Memorandum of Law for Larry Morgan
*8 "Justification defense requires that the defendant reasonably believes that his conduct is immediately necessary to avoid a greater harm, reasonable belief is one that would be held by an ordinary and prudent person." Mays V. state, 318 s.w. 3 d 368 , 38 s (Tex crim App 2010). in this case, "Applican" was a victim of an offense perpetrated against him. There were a witness who were not involved in the matter who observed the criminal misconduct that was directed at the Applicant. This witness was not called to trial. Furthermore, this witness statements which were recorded by fort worth Police 911 at the moment the assault was taking place and was not entered in evidence by counsel during the proceeding which rendered the improper verdict. counsel brought the existence of the woman 911 caller to Applicant attention before trial Saying She were favorable. During Applicant heard her Saying applicant was being attacked also what I was wearing and what the Perpetrator were wearing before she said let her get around the corner so they can't see her then I recall the Prosecutor objecting then
*9 Applicant's counsel struggle to stop the disc from Prosecutor's Laptop, before the two approached the bench, that's when the Court reporter, Mrs Shannon said, twice I can't hear you to counselors.

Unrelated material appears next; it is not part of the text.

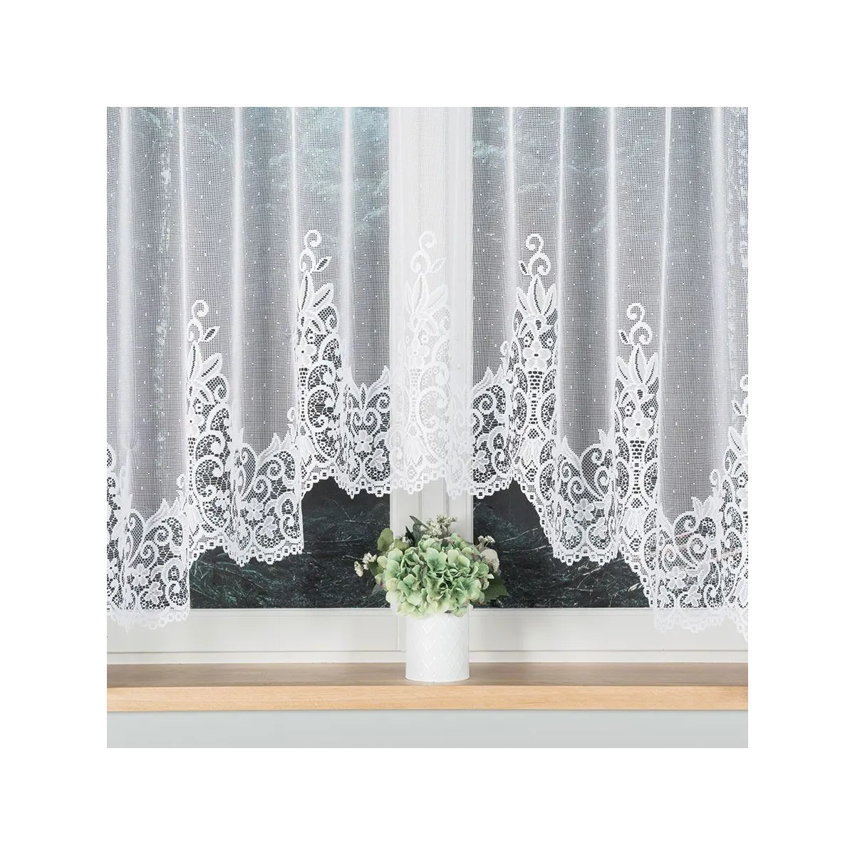 Firanka gotowa żakardowa BERENIKA w kolorze białym to ponadczasowy wybór do klasycznych i jasnych aranżacji. Wzór z ornamentami oraz dekoracyjne podcięcie na dole nadają całości subtelnej elegancji, jednocześnie nie przytłaczając wnętrza.

Had counsel's called and introduced into evidence the testimony, and the records of the responding authority, and asserted the defense of Self-defense, then the fact finder could have considered this in reaching a verdict in this matter. As it was counsel's failures deprived the applicant of entering this plausible and factually accrate information to the Jury and requested a Jury instruction on the statutorily entitled defense of self-defense. It cannot be a reasonable attorney who fails to assert the facts surrounding the circumstances which brought the action to fruition As such, ("Applicant") was deprived of a Jury's consideration of an acquittal of applicant based upon this legislative enacted defense. (This conclude my memorandum of Law). PRAYER Applicant prays that's this court looks upon all the intended fact that has been presented herein and grant his writ Habeas Corpus.
*10 VERIFICATION 1, LARRY JOE MOREGAN, TOCS-ID# 1847262 being Presently incarcerated at the James A. LYNAUGH unit of TOCS declare under penalty of perjury that the foregoing facts are true and correct.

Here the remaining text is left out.